BEGIN

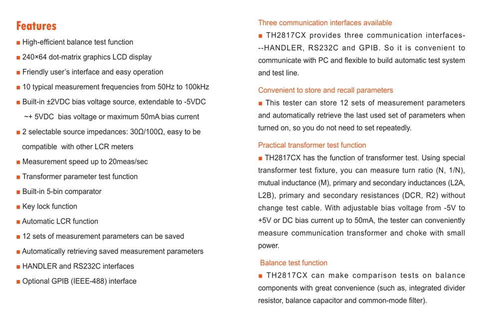 TH2817CX-это расширенный измеритель, специализирующийся на тестировании компонентов баланса. Путем одновременного измерения двух компонентов, вы можете удобно сделать сравнение компонентов баланса, таких как интегрированный разделитель резистор, баланс конденсатора и фильтр общего режима.Кроме того, TH2817CX имеет функцию тестирования баланса DCR особенно полезно для фильтра общего режима. В то же время, прибор для проверки транзистора обеспечивает скорость измерения до 20 изм/сек, 10 измерения частоты 50 Гц до 100 кГц, 3 часто используемых уровни сигнала, 5-разрядный разрешение и Два выбираемых источник сопротивления. Комплексные коммуникационные и контрольные интерфейсы могут удовлетворить требования к измерениям контроля качества на производственной линии, входящей проверке, проектированию компонентов и оценке.Применение:
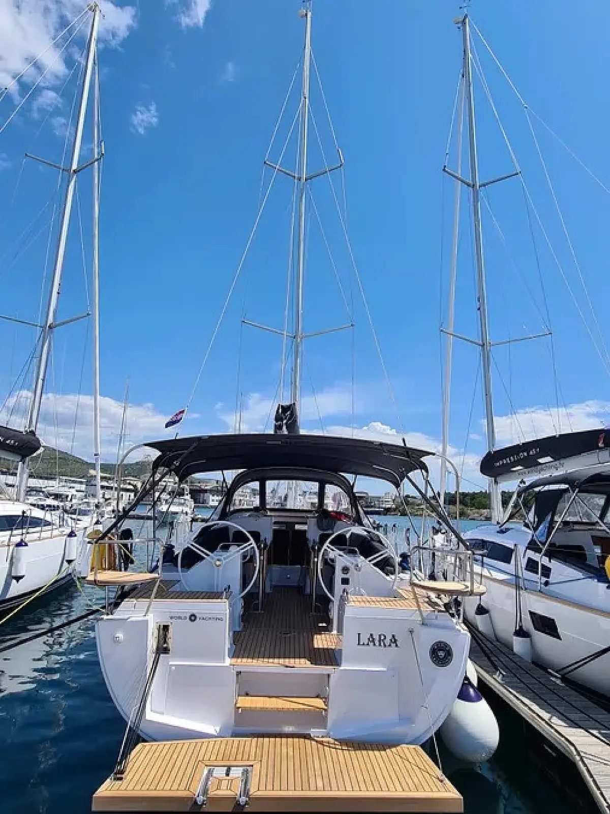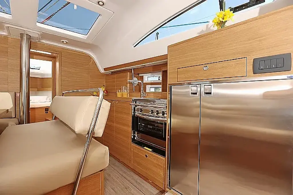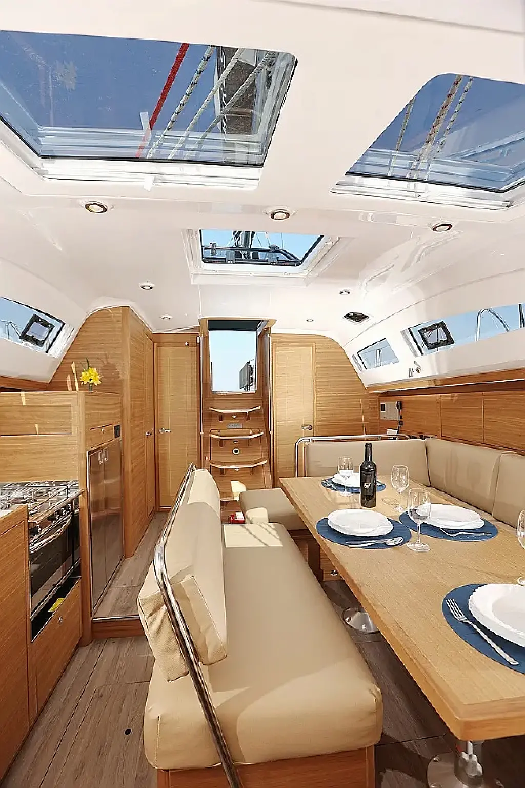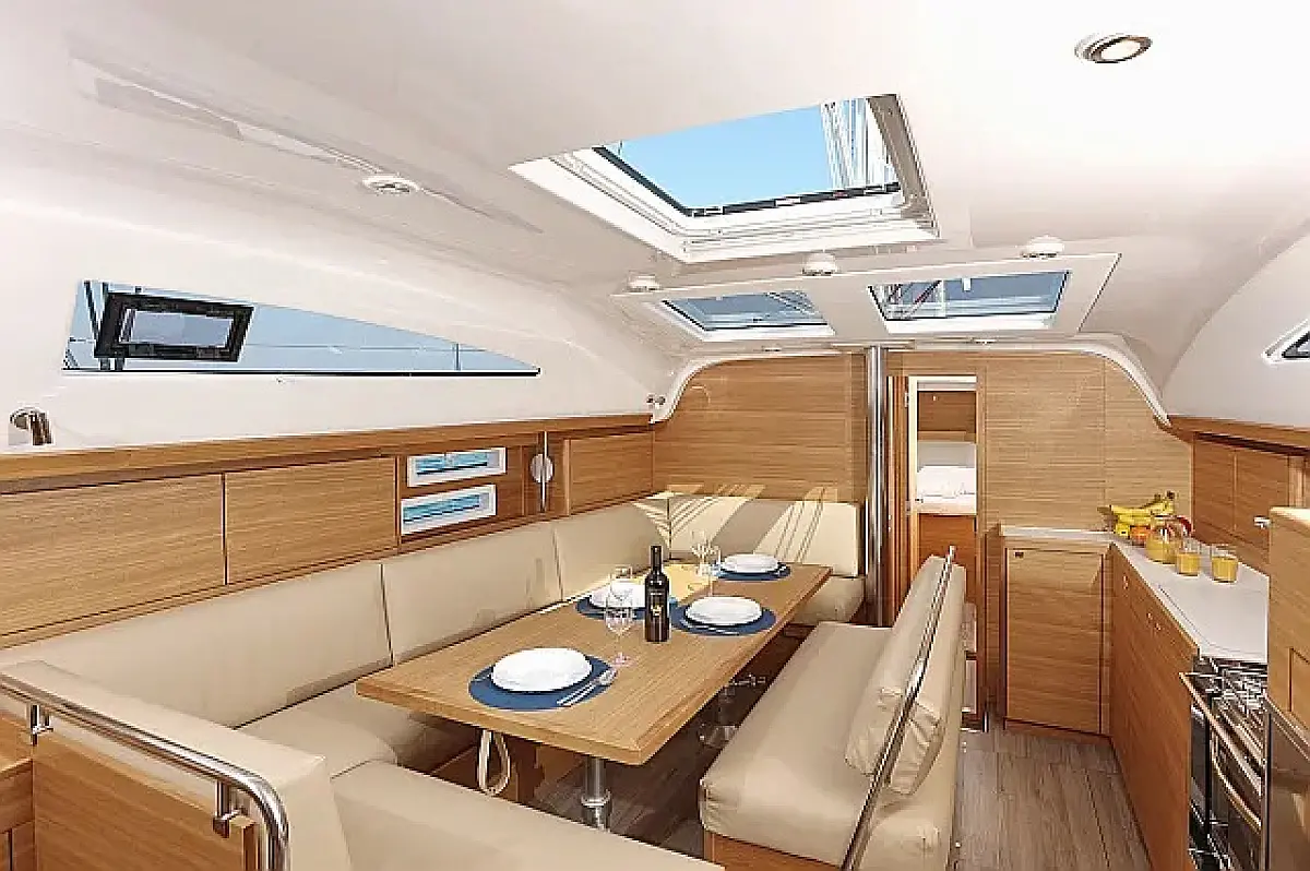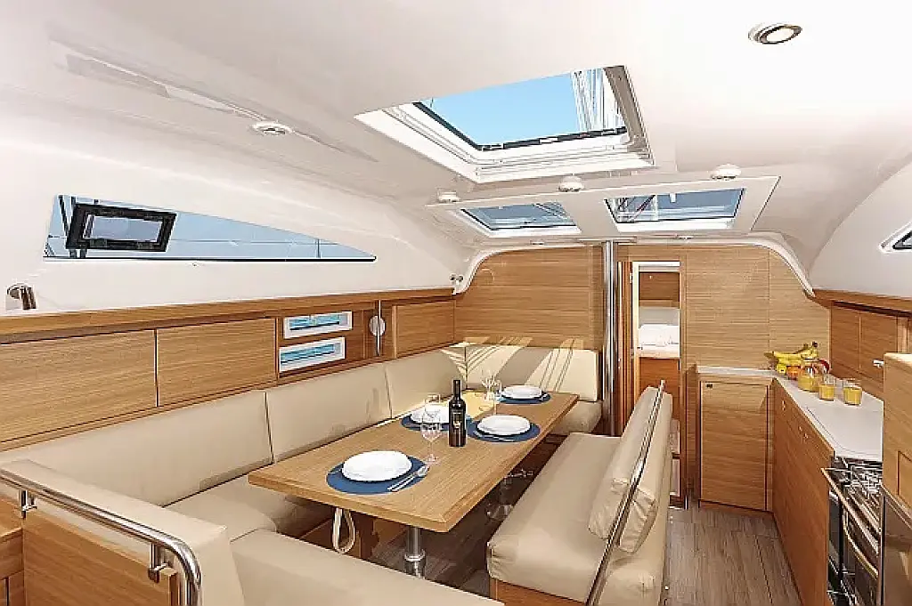 Klimaanlage, Badeplattform, Bimini, Cockpit-Kissen, Lautsprecher im Cockpit, Kühlschrank, Heizung, Fäkalientank, Inverter, Solar-Panele, Sprayhood, Teak Cockpit, Wi-Fi und Internet
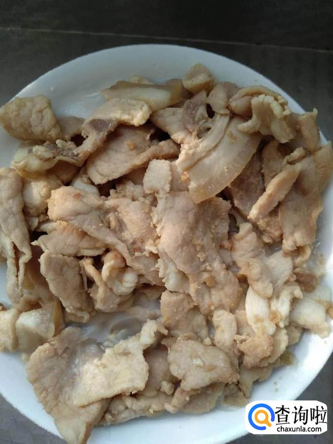 将猪肉切片,并将猪肉中加入一定量的料酒、淀粉搅拌均匀,腌制10分钟后,下入到锅中翻炒一下(注意:不用炒熟),变色即可捞出。
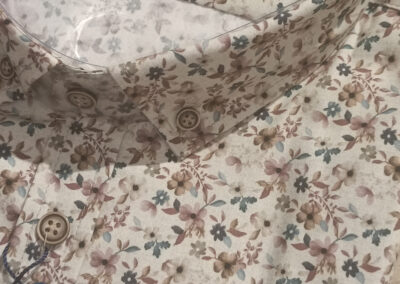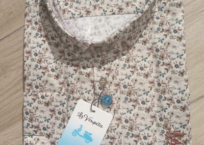 Camisa manga larga de la marca La Vespita con estampado floral en tonos beige, marrones y azules, Hecho en España.
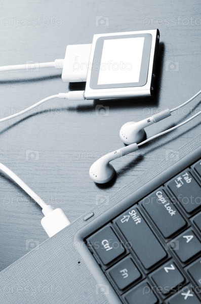 Ноутбук и современный музыкальный плеер на столе
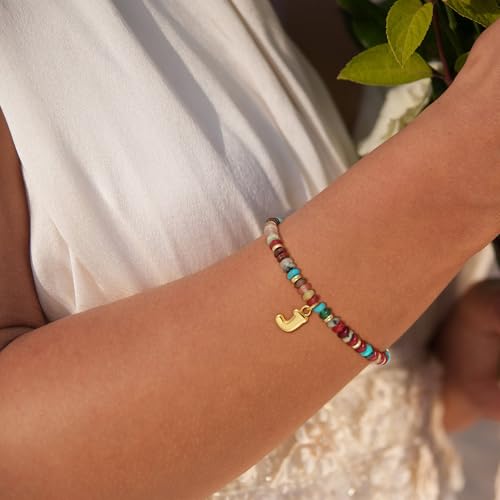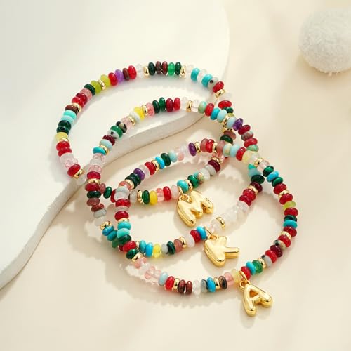 Beaded Initial Bracelets for Women, 14K Gold Plated Initial Letter Charm Rainbow Gemstone Colorful Summer Beach Jewelry for Women
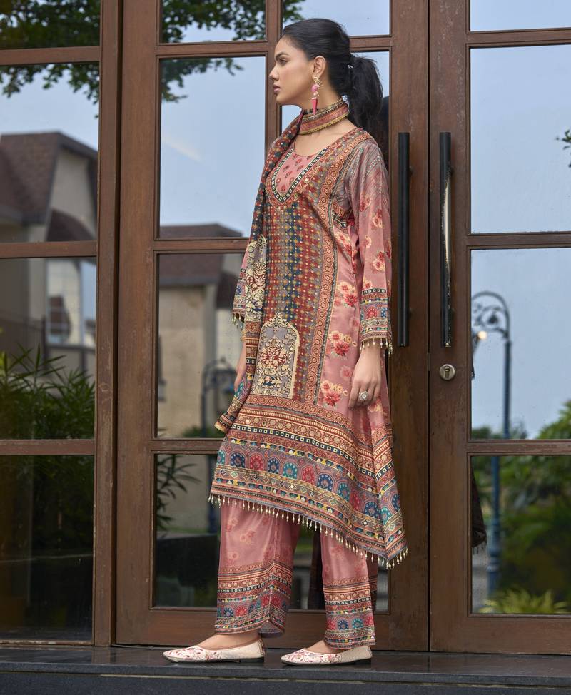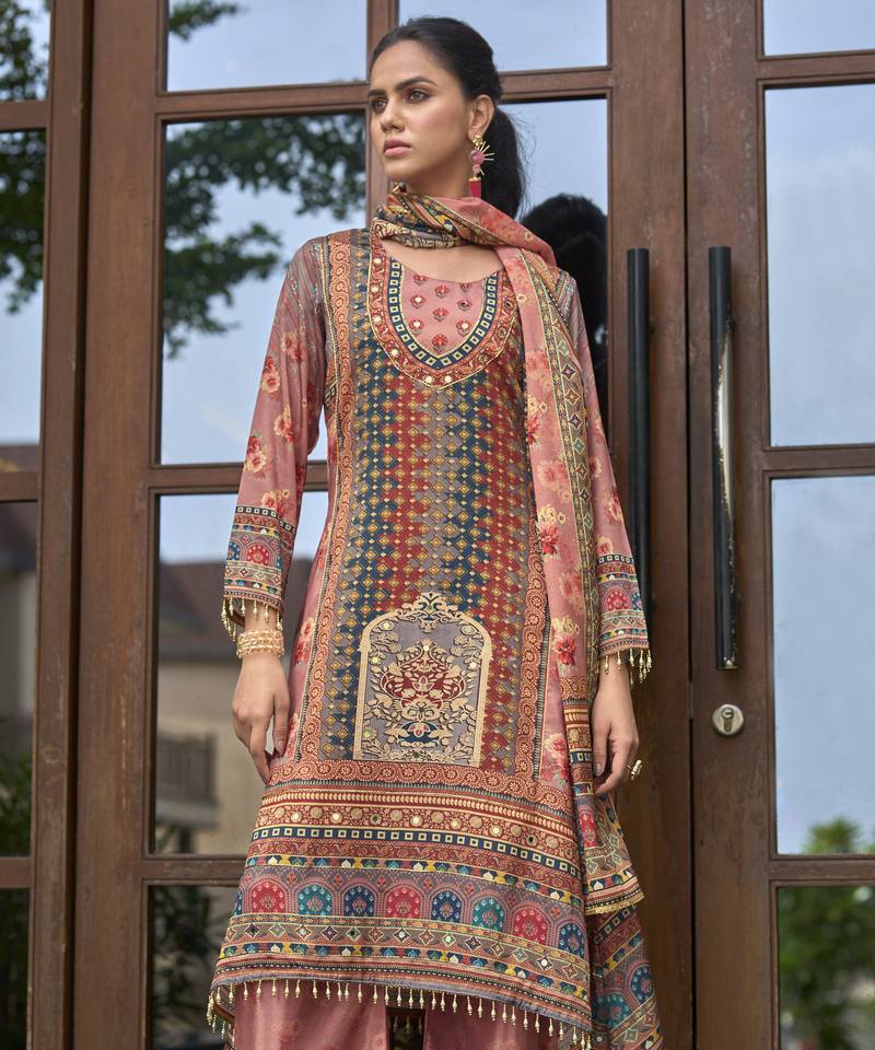 Product Description | Graceful Pink Chinon Chiffon Set Featuring A Floral Printed Calf Length Kurta Adorned With Mirror Work And Delicate Bead Embellishments. Paired With A Fully Elasticated Printed Palazzo And A Matching Chinon Chiffon Printed Dupatta With Lace Border, This Ensemble Exudes Charm And Sophistication. Perfect For Festive Occasions, Parties, And Celebrations, It Offers A Beautiful Blend Of Comfort And Timeless Elegance. |
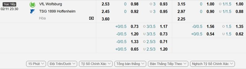- Kèo tỷ số bóng đá hiệp 1: VfL Wolfsburg 0-1 TSG Hoffenheim
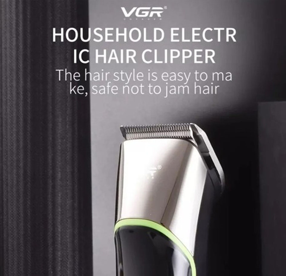 Máquina para cortar pelo profesional marca VGR recargable con indicador de batería, la batería tiene una duración de 3 horas, sus cuchillas en acero inoxidable hacen que su corte sea más preciso y su motor de alta revolución es muy silencioso, tiene el peso adecuado para que sea cómoda de manejar, el cable con el cual se carga se puede conectar a cualquier cabeza de celular para que sea fácil y rápido de cargar.
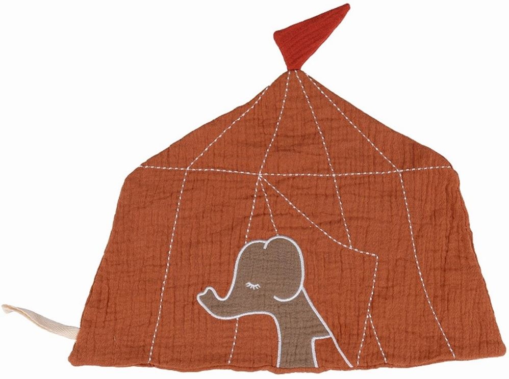 Doudou Cirque Un charmant petit compagnon en double gaze de coton, offrant réconfort et sécurité aux tout-petits. Il est également pourvu d’un passant pratique pour attacher une tétine, et peut être aisément lavé en machine à 30 degrés.
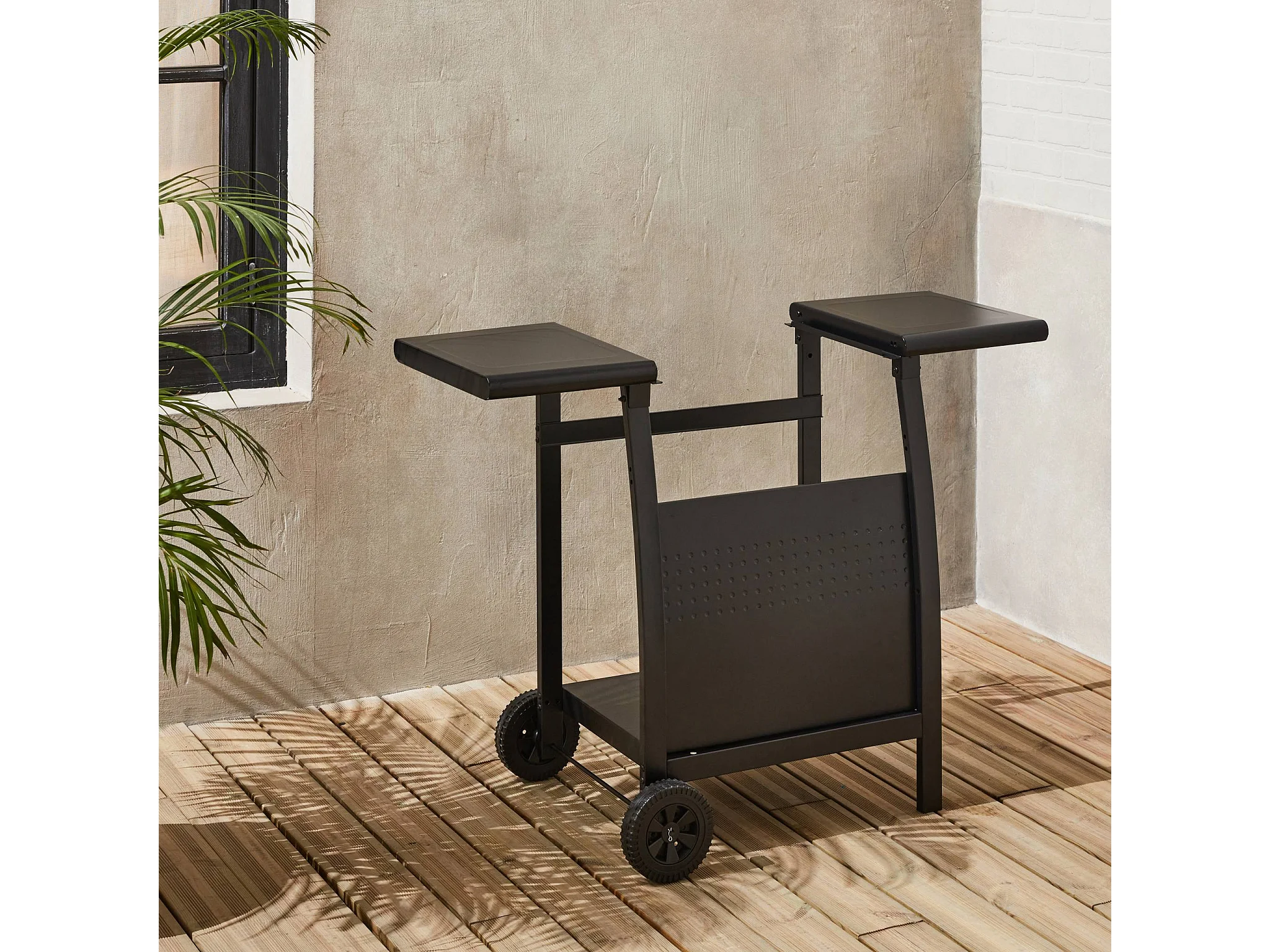 Desserte pour plancha au gaz - Chariot Porthos 2 brûleurs - Chariot barbecue noir. cuisine extérieure. roulettes

END

WORK ORDER>
Each entry above should be printed exactly, and any picture in it left out.

ANSWER SECTION>
 TH2817CX-это расширенный измеритель, специализирующийся на тестировании компонентов баланса. Путем одновременного измерения двух компонентов, вы можете удобно сделать сравнение компонентов баланса, таких как интегрированный разделитель резистор, баланс конденсатора и фильтр общего режима.Кроме того, TH2817CX имеет функцию тестирования баланса DCR особенно полезно для фильтра общего режима. В то же время, прибор для проверки транзистора обеспечивает скорость измерения до 20 изм/сек, 10 измерения частоты 50 Гц до 100 кГц, 3 часто используемых уровни сигнала, 5-разрядный разрешение и Два выбираемых источник сопротивления. Комплексные коммуникационные и контрольные интерфейсы могут удовлетворить требования к измерениям контроля качества на производственной линии, входящей проверке, проектированию компонентов и оценке.Применение:
 Klimaanlage, Badeplattform, Bimini, Cockpit-Kissen, Lautsprecher im Cockpit, Kühlschrank, Heizung, Fäkalientank, Inverter, Solar-Panele, Sprayhood, Teak Cockpit, Wi-Fi und Internet
 将猪肉切片,并将猪肉中加入一定量的料酒、淀粉搅拌均匀,腌制10分钟后,下入到锅中翻炒一下(注意:不用炒熟),变色即可捞出。
 Camisa manga larga de la marca La Vespita con estampado floral en tonos beige, marrones y azules, Hecho en España.
 Ноутбук и современный музыкальный плеер на столе
 Beaded Initial Bracelets for Women, 14K Gold Plated Initial Letter Charm Rainbow Gemstone Colorful Summer Beach Jewelry for Women
 Product Description | Graceful Pink Chinon Chiffon Set Featuring A Floral Printed Calf Length Kurta Adorned With Mirror Work And Delicate Bead Embellishments. Paired With A Fully Elasticated Printed Palazzo And A Matching Chinon Chiffon Printed Dupatta With Lace Border, This Ensemble Exudes Charm And Sophistication. Perfect For Festive Occasions, Parties, And Celebrations, It Offers A Beautiful Blend Of Comfort And Timeless Elegance. |
- Kèo tỷ số bóng đá hiệp 1: VfL Wolfsburg 0-1 TSG Hoffenheim
 Máquina para cortar pelo profesional marca VGR recargable con indicador de batería, la batería tiene una duración de 3 horas, sus cuchillas en acero inoxidable hacen que su corte sea más preciso y su motor de alta revolución es muy silencioso, tiene el peso adecuado para que sea cómoda de manejar, el cable con el cual se carga se puede conectar a cualquier cabeza de celular para que sea fácil y rápido de cargar.
 Doudou Cirque Un charmant petit compagnon en double gaze de coton, offrant réconfort et sécurité aux tout-petits. Il est également pourvu d’un passant pratique pour attacher une tétine, et peut être aisément lavé en machine à 30 degrés.
 Desserte pour plancha au gaz - Chariot Porthos 2 brûleurs - Chariot barbecue noir. cuisine extérieure. roulettes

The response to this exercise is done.